Often, as the mother, you're the only one who can soothe and settle your child, can make them fall asleep.

Breastfeeding is also a big way of bonding with your child. She looks at you and wraps her whole little hand around your finger or plays with your hair or your face. You're close. You know that you're made of the same stuff. When she's hungry, you feel it. It causes you to seek quiet spaces with her aone. Most of these are things that bottle and solid feeding doesn't provide.

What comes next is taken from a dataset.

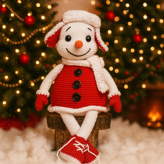 Bałwanek ma 30cm wysokości i zrobiony jest z mieszanki bawełny i akrylu. • Sugerowana włóczka: (La Passion Holly, Yarn Art Jeans, Alize Cotton Gold, Etrofil Jeans, itp.). Włóczka pluszowa ( Happy Chanille, Mink itp). Wszystkie wymienione włóczki mają podobną grubość i skład i można ich używać zamiennie. Kolory włóczki użyte w projekcie: biały i czerwony po ½ motka, czarny do wyszycia brwi i rzęs. Kilkanaście metrów cienkiej włóczki pluszowej w kolorze białym. • Bezpieczne oczka 12 mm. • 2 guziki. • Kulka silikonowa do wypełnienia. • Szydełko 2 mm. • Gruba igła.
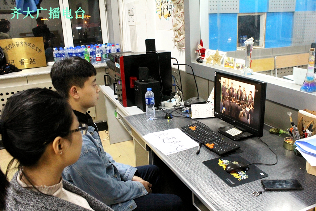 秋风送爽,九月的齐大安静祥和,全校都处在浓郁的学习氛围当中。校大学生记者团的学生记者首先踏进了中区主楼阶梯201教室,和校团委老师以及学生干部们一同进行集中收看学习。偌大的教室被同学们坐满,他们都是全校学生干部先进份子的代表。当晚上七点的铃声响起,新闻联播正式开始,所有的同学都拿起了自己的笔和本开始认真观看学习,全神贯注随时记录要闻,尤其是播放到总书记在齐齐哈尔中车齐车集团、中国一重集团考察调研时的的重要讲话时,全场更是安静学习,用心倾听。

It's not impossible to imagine that starting solids can be a somewhat scary experience. You may feel as though it will put distance in between you and your child. Well, I think that in fact it will change your relationship in that all of a sudden you are freer, whether you like it or not.

Personally, the anticipation of introducing solids was much worse for me than the actual introduction of it the first time around. For one thing, it's really, really gradual. They're not eating solids on any regular basis for at least a couple of months. They still need to nurse. And for the most part, they still want to. I didn't completely wean him for another 8 months after that, and then it was only because I was pregnant and it was just too much demand on my body. (So much for birth control, I guess.)

This time around, I am still a little anxious about it but overall much more relaxed and looking forward to being able to leave her with other people for longer periods of time.